Mobile eye tracking captures egocentric vision and is well-suited for naturalistic studies. However, its data is noisy, especially when acquired outdoor with multiple participants over several sessions. Area of interest analysis on moving targets is difficult because A) camera and objects move nonlinearly and may disappear/reappear from the scene; and B) off-the-shelf analysis tools are limited to linearly moving objects. As a result, researchers resort to time-consuming manual annotation, which limits the use of mobile eye tracking in naturalistic studies. We introduce a method based on a fine-tuned Vision Transformer (ViT) model for classifying frames with overlaying gaze markers. After fine-tuning a model on a manually labelled training set made of 1.98% (=7845 frames) of our entire data for three epochs, our model reached 99.34% accuracy as evaluated on hold-out data. We used the method to quantify participants' dwell time on a tablet during the outdoor user test of a mobile augmented reality application for biodiversity education. We discuss the benefits and limitations of our approach and its potential to be applied to other contexts.
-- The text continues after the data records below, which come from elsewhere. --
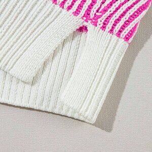Hot Pink Casual Women's Striped Long Sleeved Round Neck Loose Pullover top
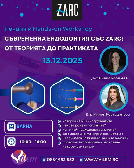 Промоционална ценаот 391.16 лв (200.00 EUR) Редовна цена 488.95 лв (250.00 EUR)Цена за единица (0.00 EUR)НесъществуващКурс „Съвременна ендодонтия със Zarc: от теорията до практиката“
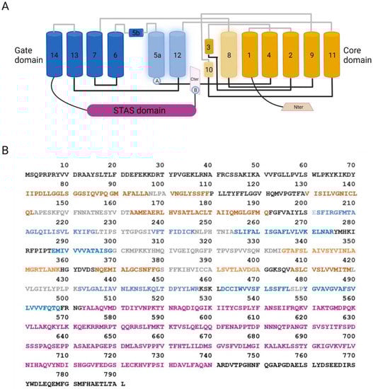 SLC26A9 structure. (A) Cartoon showing the topology of SLC26A9, as determined by Chi and colleagues. The gate domain is colored in blue, the core domain is colored in orange, and their participation in the intracellular pocket is highlighted by increased transparency. Extracellular and intracellular loops are colored in grey and black, respectively. The STAS domain is colored in purple, C-terminal in pink, and N-terminal in light orange. Ⓐ: Location of E201K mutation in TM5, which, together with the C-terminal mutation S781A, provided increased currents measured by single-channel recordings. The same results were obtained by mutating different residues visually represented by Ⓑ: E775A/Q776A/F779G/S781G/M782G/F783G and E775A/Q776A. Those mutations can interfere with the interaction between the C-terminal and the TM5 or TM12 []. Created with BioRender.com (21 January 2022); (B) Amino acid sequence of SLC26A9. Residues are colored as the corresponding domains in (A).
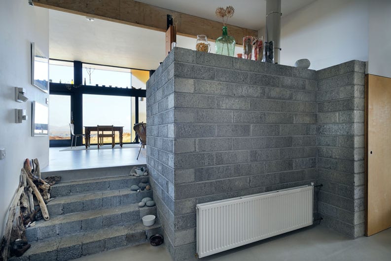 La pared del bloque rodea la chimenea, la principal fuente de calor, que se coloca tradicionalmente en el centro de la casa con la línea metálica elevándose a través del espacio. La escalera de hormigón sin terminar, cuyo enlucido final resultó siendo demasiado desafiante para los clientes, se convirtió en un resultado duradero del proceso de autoconstrucción hecho a mano.
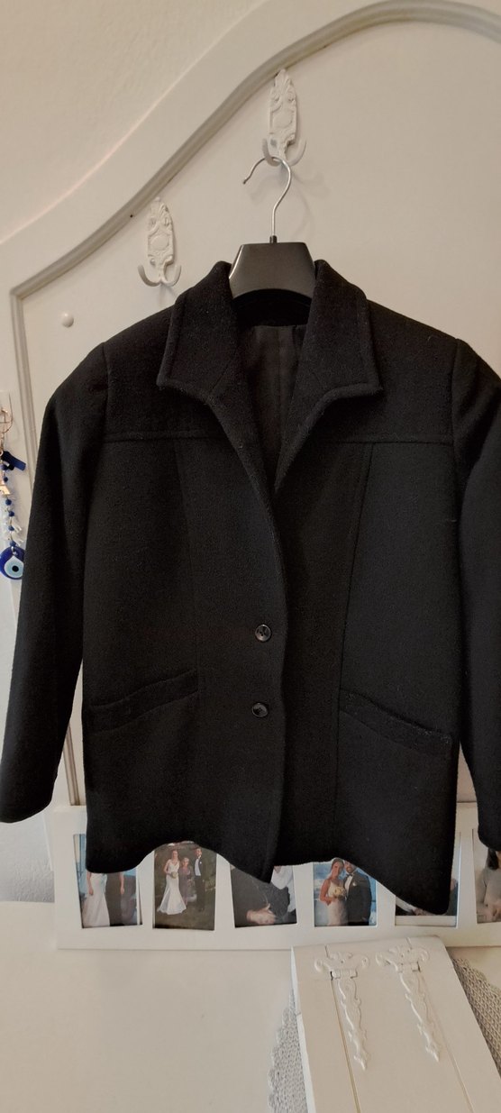 Siyah, düğmeli, normal uzunlukta kaban. Yumuşak ve sıcak kumaştan, uzun kollu ve regular fit,özel dikim. ofis kullanımı için uygun.
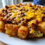 A hearty breakfast casserole featuring crispy tater tots, eggs, sausage, and cheese.
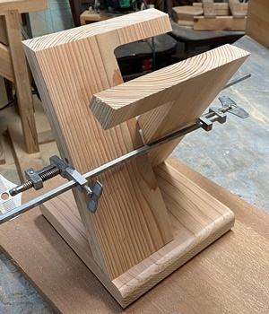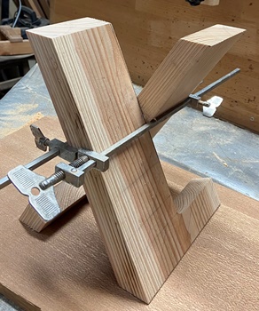 | L字の脚が交差する形が面白いと思って試作。交差する部分はダボ接続。 60°の交差で脚がX字のスタンドに。 (出来上がってみると割と地味..) (^^) |

移动眼动追踪能够捕捉以自我为中心的视觉,非常适合自然主义研究。然而,其数据存在噪声,尤其是在户外多个参与者在多个时间段采集数据时。对移动目标进行感兴趣区域分析很困难,原因如下:A)相机和物体非线性移动,可能从场景中消失/重新出现;B)现成的分析工具仅限于线性移动的物体。因此,研究人员只能采用耗时的手动标注,这限制了移动眼动追踪在自然主义研究中的应用。我们介绍一种基于微调视觉Transformer(ViT)模型的方法,用于对带有叠加注视标记的帧进行分类。在由我们全部数据的1.98%(即7845帧)组成的手动标注训练集上对模型进行三个轮次的微调后,我们的模型在留出数据上评估时达到了99.34%的准确率。我们使用该方法在一款用于生物多样性教育的移动增强现实应用的户外用户测试中量化参与者在平板电脑上的停留时间。我们讨论了我们方法的优点和局限性以及其应用于其他场景的潜力。